On Fri, Feb 17, 2012 at 12:23 AM, Mikael Sitruk <[email protected]>wrote:

> Ok i understand you now, but i think that the lines are different so , can
> you paste the method (full content instead of patch) into the email, i will
> compile and check?
>
> Mikael.S
>
>
> On Thu, Feb 16, 2012 at 7:49 PM, Andrew Purtell <[email protected]>wrote:
>
>> I'm wondering if the removal and re-add of the lease is racy. We used to
>> just refresh the lease.
>>
>> In the patch provided I don't remove the lease and add it back, instead
>> just refresh it on the way out. If you apply the patch and the
>> LeaseExceptions go away, then we will know this works for you. I've applied
>> this patch to our internal build as part of tracking down what might be
>> spurious LeaseExceptions. I've been blaming the clients but maybe that is
>> wrong.
>>
>> Best regards,
>>
>>     - Andy
>>
>> Problems worthy of attack prove their worth by hitting back. - Piet Hein
>> (via Tom White)
>>
>>
>> ----- Original Message -----
>> > From: Mikael Sitruk <[email protected]>
>> > To: [email protected]; Andrew Purtell <[email protected]>
>> > Cc:
>> > Sent: Wednesday, February 15, 2012 11:32 PM
>> > Subject: Re: LeaseException while extracting data via pig/hbase
>> integration
>> >
>> > Andy hi
>> >
>> > Not sure what you mean by "Does something like the below help?" The
>> > current
>> > code running is pasted below, line number are sightly different than
>> yours.
>> > It seems very close to the first file (revision "a") in your extract.
>> >
>> > Mikael.S
>> >
>> >   public Result[] next(final long scannerId, int nbRows) throws
>> IOException
>> > {
>> >     String scannerName = String.valueOf(scannerId);
>> >     InternalScanner s = this.scanners.get(scannerName);
>> >     if (s == null) throw new UnknownScannerException("Name: " +
>> > scannerName);
>> >     try {
>> >       checkOpen();
>> >     } catch (IOException e) {
>> >       // If checkOpen failed, server not running or filesystem gone,
>> >       // cancel this lease; filesystem is gone or we're closing or
>> > something.
>> >       try {
>> >         this.leases.cancelLease(scannerName);
>> >       } catch (LeaseException le) {
>> >         LOG.info("Server shutting down and client tried to access
>> missing
>> > scanner " +
>> >           scannerName);
>> >       }
>> >       throw e;
>> >     }
>> >     Leases.Lease lease = null;
>> >     try {
>> >       // Remove lease while its being processed in server; protects
>> against
>> > case
>> >       // where processing of request takes > lease expiration time.

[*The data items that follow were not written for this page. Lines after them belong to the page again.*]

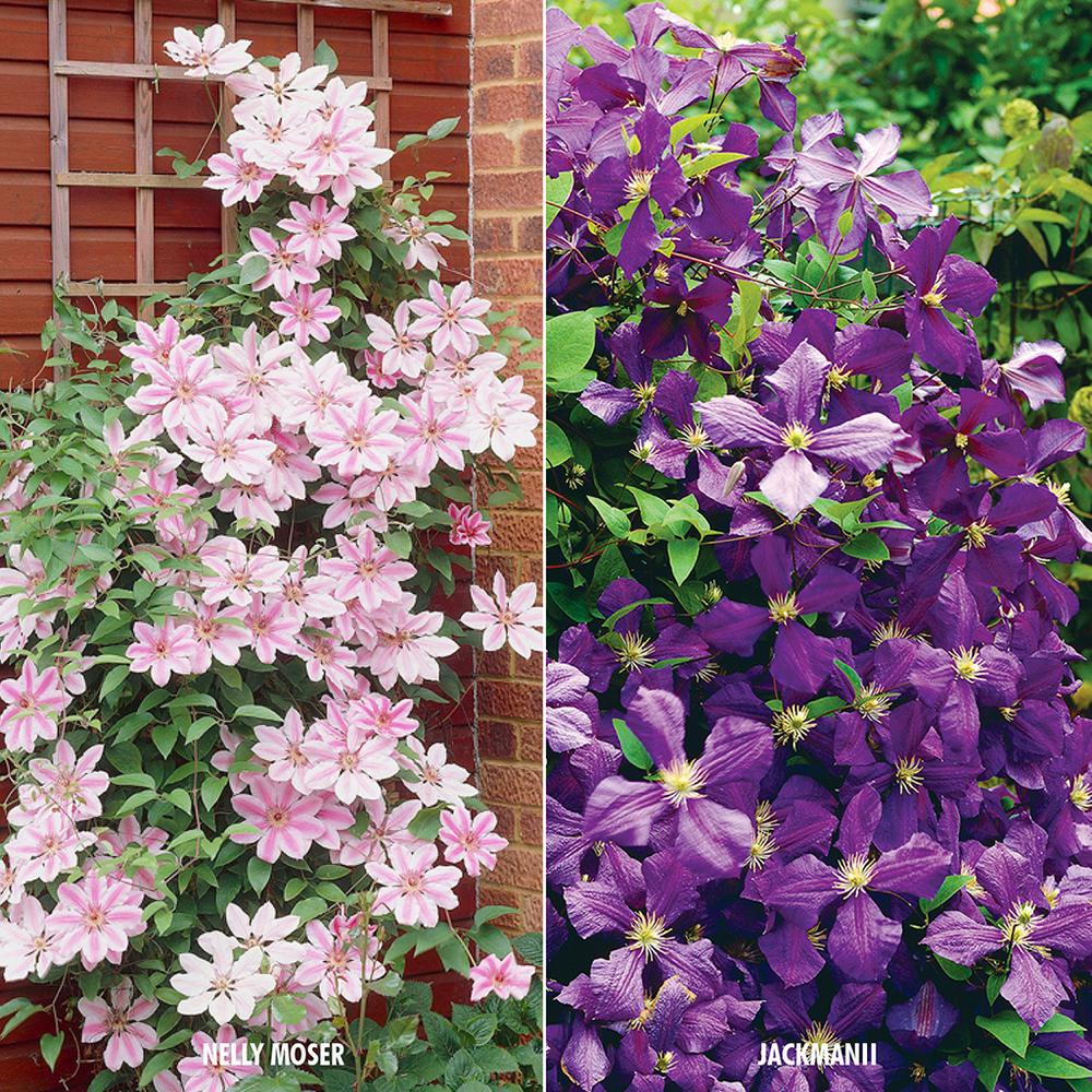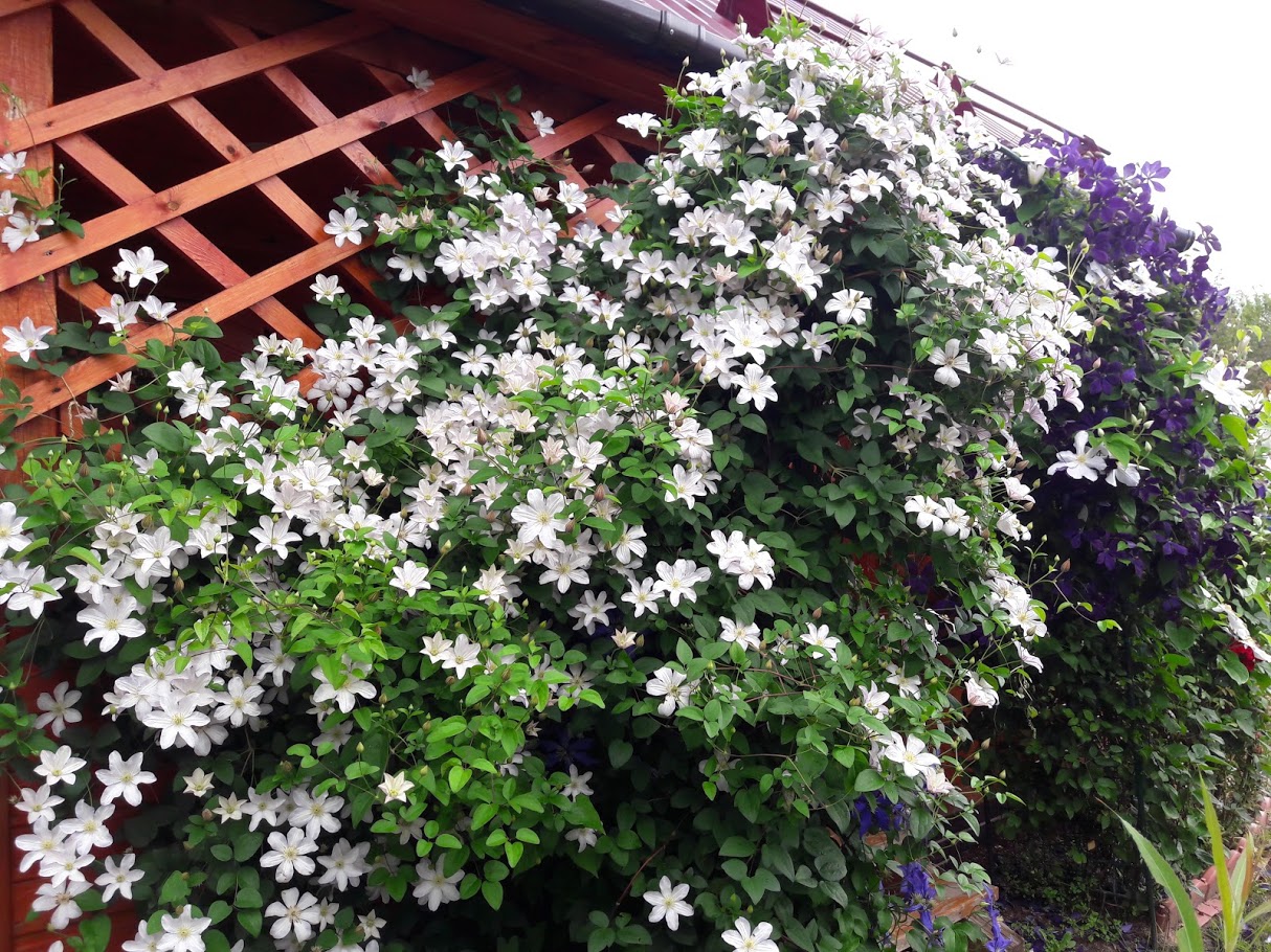 Два вида клематисов, растущих вместе на шпалере Наблюдая за клематисами в течение года (да, всего года), вы получите важную информацию.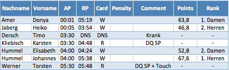 Und ein ganz großes Dankeschön an unseren Organisator und Main Judge Malte Brümmer sowie dem ganzen Team: Barbara Jeschke (Judge), Dagmar Andres-Brümmer und Holger Schlepple (Safety), Franz Brümmer und Martin Grigo (Kamera).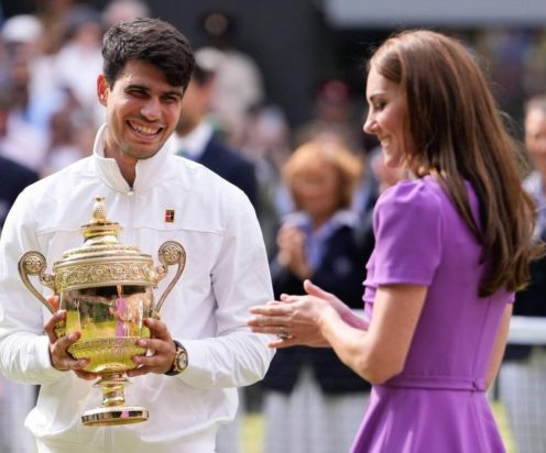 Προκαλώντας ρίγη σε διάσημους και μη παρόντες, η πριγκίπισσα της Ουαλίας Κέιτ, παρέδωσε το τρόπαιο του Wimbledon, στον Κάρλος Αλκαράθ σήμερα το απόγευμα, αφού ο Ισπανός κέρδισε το Grand Slam για δεύτερη συνεχόμενη χρονιά.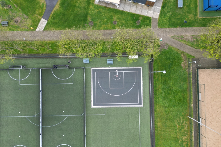 Een probleem van de sport oplossen in de sport: Arnhem timet perfect met 3x3-basketbalveld van gerecycled kunstgras |

>> >       lease = this.leases.removeLease(scannerName);
>> >       List<Result> results = new ArrayList<Result>(nbRows);
>> >       long currentScanResultSize = 0;
>> >       List<KeyValue> values = new ArrayList<KeyValue>();
>> >       for (int i = 0; i < nbRows
>> >           && currentScanResultSize < maxScannerResultSize; i++) {
>> >         requestCount.incrementAndGet();
>> >         // Collect values to be returned here
>> >         boolean moreRows = s.next(values);
>> >         if (!values.isEmpty()) {
>> >           for (KeyValue kv : values) {
>> >             currentScanResultSize += kv.heapSize();
>> >           }
>> >           results.add(new Result(values));
>> >         }
>> >         if (!moreRows) {
>> >           break;
>> >         }
>> >         values.clear();
>> >       }
>> >       // Below is an ugly hack where we cast the InternalScanner to be a
>> >       // HRegion.RegionScanner. The alternative is to change
>> InternalScanner
>> >       // interface but its used everywhere whereas we just need a bit of
>> > info
>> >       // from HRegion.RegionScanner, IF its filter if any is done with
>> the
>> > scan
>> >       // and wants to tell the client to stop the scan. This is done by
>> > passing
>> >       // a null result.
>> >       return ((HRegion.RegionScanner) s).isFilterDone() &&
>> > results.isEmpty() ? null
>> >           : results.toArray(new Result[0]);
>> >     } catch (Throwable t) {
>> >       if (t instanceof NotServingRegionException) {
>> >         this.scanners.remove(scannerName);
>> >       }
>> >       throw convertThrowableToIOE(cleanup(t));
>> >     } finally {
>> >       // We're done. On way out readd the above removed lease.  Adding
>> > resets
>> >       // expiration time on lease.
>> >       if (this.scanners.containsKey(scannerName)) {
>> >         if (lease != null) this.leases.addLease(lease);
>> >       }
>> >     }
>> >   }
>> >
>> > On Thu, Feb 16, 2012 at 3:10 AM, Andrew Purtell <[email protected]>
>> > wrote:
>> >
>> >>  Hmm...
>> >>
>> >>  Does something like the below help?
>> >>
>> >>
>> >>  diff --git
>>
>> >>  a/src/main/java/org/apache/hadoop/hbase/regionserver/HRegionServer.java
>> >>  index f9627ed..0cee8e3 100644
>> >>  ---
>> a/src/main/java/org/apache/hadoop/hbase/regionserver/HRegionServer.java
>> >>  +++
>> b/src/main/java/org/apache/hadoop/hbase/regionserver/HRegionServer.java
>> >>  @@ -2137,11 +2137,7 @@ public class HRegionServer implements
>> >>  HRegionInterface, HBaseRPCErrorHandler,
>> >>         }
>> >>         throw e;
>> >>       }
>> >>  -    Leases.Lease lease = null;
>> >>       try {
>> >>  -      // Remove lease while its being processed in server; protects
>> >>  against case
>> >>  -      // where processing of request takes > lease expiration time.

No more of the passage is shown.